Dat straalt af op de sociale bescherming die het totale pensioenpakket biedt. Alleenstaande vrouwen zijn de meest kwetsbare groep: een derde heeft een pensioen van minder dan 878 euro. 6 procent van hen heeft een uitkering van niet eens 500 euro. Bij de koppels met één alleenstaandenpensioen haalt een derde de armoededrempel (1317 euro) niet. Van de koppels met een gezinspensioen heeft 20 procent het niet breder.

Ernstig land

‘We moeten in het pensioenbeleid weer een ernstig land worden. Met partijen die zich alleen maar populair willen maken bij de zelfstandigen, komen we er niet. Met politici en vakbonden die zich beperken tot het louter verdedigen van het wettelijke pensioen, halen we het ook niet. Het individuele pensioensparen voorstellen als een volwaardige pensioenpolitiek in plaats van een fiscaal voordeel, helpt evenmin’, aldus Berghman. ‘We moeten erkennen dat de wettelijke pensioenen niet meer in staat zijn om gepensioneerden een hoge levensstandaard te garanderen. Ook moet worden toegegeven dat de aanvullende pensioenen intussen zeer ongelijke resultaten voor de pensioenbescherming bieden. Met die twee inzichten kunnen we voor de komende tien jaar aan de slag.’
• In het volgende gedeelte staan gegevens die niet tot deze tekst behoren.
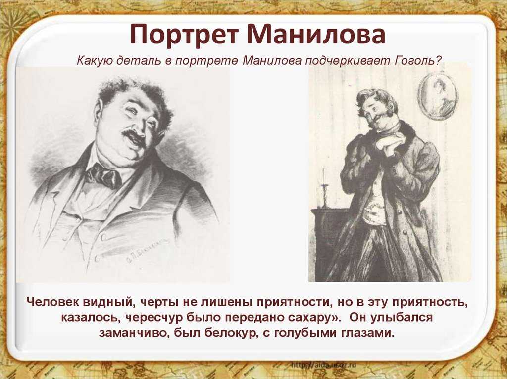 О первом жителе пригорода, которого посетил Павел Иванович Чичиков, читатель узнает достаточно много. Он отставной офицер, привыкший курить трубку еще с армейской службы. Восемь лет женат на Лизоньке, с которой имеет двух сыновей. Любовь между супругами напоминает истинное счастье. Они носят друг другу конфеты, яблоки, орешки, проявляя этим заботу. Говорят нежными голосами. Любовь своей излишней сентиментальностью напоминает пародию. Сыновья имеют такие имена, что на них нельзя не остановиться: Алкид и Фемистоклюс. Родители хотели выделить своих детей из толпы хотя бы именами. Манилов представляет себя западником, человеком, который строит свою жизнь на европейский манер, но из этого получается абсурд и несуразица.

Berghman heeft enkele concrete ideeën. Zo wil hij de financiële kwetsbaarheid en afhankelijkheid van gepensioneerde vrouwen terugdringen. Dat kan door de periodes van kinderzorg mee op te nemen in de pensioenberekening. Een andere mogelijkheid voor getrouwde of samenwonende vrouwen is de splitsing van de pensioenrechten die beide partners opbouwen. Dat systeem resulteert in ‘een billijke verdeling van de kosten of lasten van het gezinsleven, zeker in het geval van een scheiding of het overlijden van de partner’.

Voorts vindt Berghman dat bij het wettelijke pensioen nog een verbetering mogelijk is voor de zwakkere groepen (vrouwen, koppels met één pensioen, oudere pensioenen, ouderen met een inkomensgarantieregeling). Het CeSO berekende dat het 1,7 miljard euro kost om alle gepensioneerden individueel een inkomen boven de armoedegrens te garanderen. Voor alle gepensioneerde huishoudens vergt dat goed 1 miljard. Berghman verwijst daarbij niet toevallig naar de fiscale kosten van het individuele pensioensparen: 680 miljoen in 2006.

Ten slotte pleit Berghman voor een uitbreiding van de tweede pensioenpijler naar werknemers uit minder sterke bedrijfssectoren en naar werknemers met atypische en onderbroken loopbanen. ‘Belangrijk is zeker al de aanvullende pensioenregeling die gepland is voor de non-profitsector. Dan neemt het aantal werknemers in dat systeem met zo’n 20 procent toe. Maar ook de rest moet mee. Als ik minister van Werk was, zou ik geen enkel sectoraal of bedrijfsakkoord tussen werkgevers en vakbonden meer aanvaarden als ze niets over een aanvullend pensioen hebben afgesproken.’